3
Тюремные записки Бабеля довольно рельефно воссоздают атмосферу неблагополучия в советской культуре, сложившуюся в период сталинской диктатуры. Я далек от мысли считать тот круг лиц, который очерчен писателем, организованной оппозицией режиму. Вся крамольность литераторов проявлялась на уровне «разговоров», нередко застольных или просто случайных. Агенты НКВД тщательно фиксировали услышанное, чтобы в нужный момент эти высказывания обрели соответствующую трактовку в кабинетах следователей.
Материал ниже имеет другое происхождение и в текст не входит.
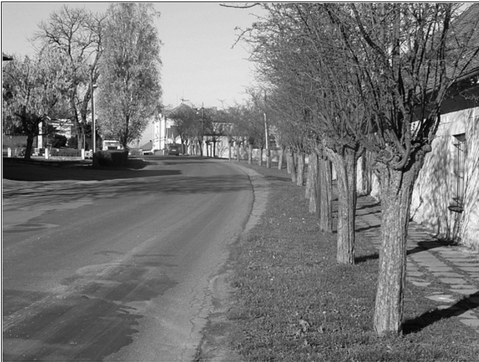
F14 – střed městyse
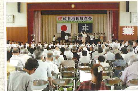
敬老会（社会福祉協議会城東支部）

Как правило, они именовались антисоветскими.
Вспомним историю с пьесой Михаила Булгакова «Бег». В известном письме к В. Билль-Белоцерковскому (февраль 1929 г.) Сталин дал необходимые разъяснения относительно новейшей терминологии: «Вернее всего было бы оперировать в художественной литературе понятиями классового порядка, или даже понятиями „советское“, „антисоветское“, „революционное“, „антиреволюционное“ и т. д. …„Бег“ в том виде, в каком он есть, представляет антисоветское явление»[129].
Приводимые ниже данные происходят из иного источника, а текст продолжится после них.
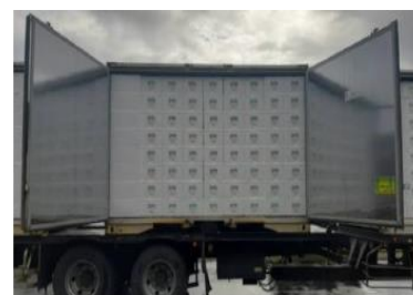
(統一規格の発泡スチロールによるトラックへの積み込み)

Оказаться антисоветским в условиях несвободы было очень легко, — достаточно нестандартно мыслить, избегать сервилизма и вообще держаться более или менее независимо. Поэтому, когда Бабель стал узником Лубянки, он сделал уступку насилию, то есть принял условия, навязанные следствием. В его саморазоблачениях явственно звучит казенная фразеология (дань идеологическим клише) и одновременно прорывается наружу, как трава из-под асфальта, горькая правда тех лет.
«Я был знаком со многими литераторами, киноработниками, интеллигентами. Авторитет мой среди них был достаточно высок, ценилось мое чувство стиля, дар рассказа. У этой репутации я всю жизнь был рабом и господином.
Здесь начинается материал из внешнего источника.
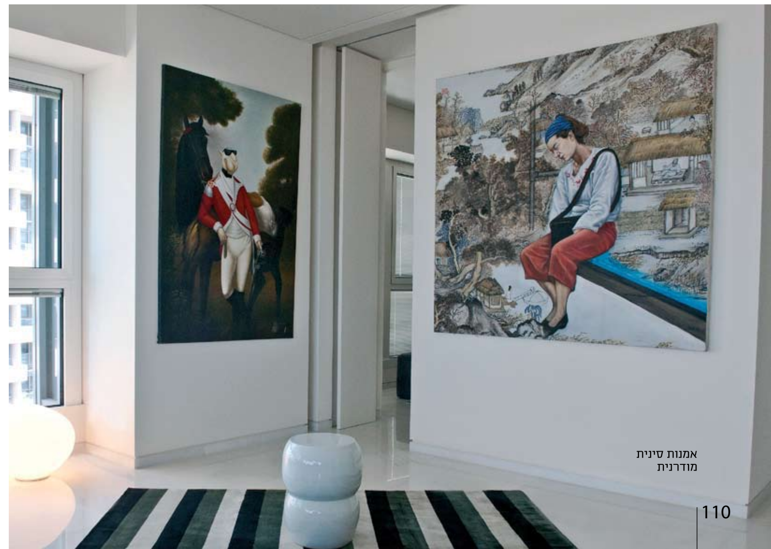
אמנות סינית מודרנית
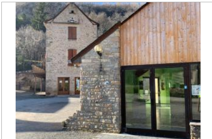
Repère de la crue d'août 1939 sur le mur de la salle des fêtes
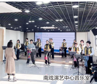
南戏演艺中心音乐室

护”等特色帮扶活动，精准对接低收入家庭、孤寡老人、困境儿童等特殊群体，切实解决群众生活中的实际困难，提升了群众的获得感和幸福感。

Обывательские толки о политике, литературные сплетни, охаивание советского искусства — все было смешано в этих разговорах. Внешне это была остроумная болтовня т. наз. „интересных людей“, никого ни к чему не обязывавшая, прерывавшаяся иногда выражением скорби о разных недостатках, — по существу эти разговоры были отзвуком скрытых мыслей и настроений.
Одна тема в этих разговорах была неизменной: в течение нескольких лет я нападал на идею организации писателей в Союз, утверждая, что в этом деле нужна крайняя децентрализация, что пути руководства писателями должны быть неизмеримо более гибкими и менее заметными; упражнялся в остроумии, предлагал ввести „гнилой либерализм“ в делах литературы, в шутку предлагал выслать из Москвы 70 % проживающих в ней писателей и расселить их по Союзу, поближе к тому, что надо описывать. Я подвергал резкой критике почти все мероприятия Союза, восставал против постройки писательских домов и поселков, считая это начинание антипрофессиональным, отбивался от союзных нагрузок и общественной работы в Союзе, высмеивал ее, но должен сказать, что никогда не скрывал своих мыслей на этот счет, как не скрывал их и по другим, более серьезным поводам».
Круг людей искусства, разделявших взгляды Бабеля, расширяется. Кроме тех, кого читатель уже знает, это: кинорежиссер Ю. Райзман, завлит МХАТа П. Марков, еврейский писатель Д. Бергельсон, К. Федин и даже А. Фадеев.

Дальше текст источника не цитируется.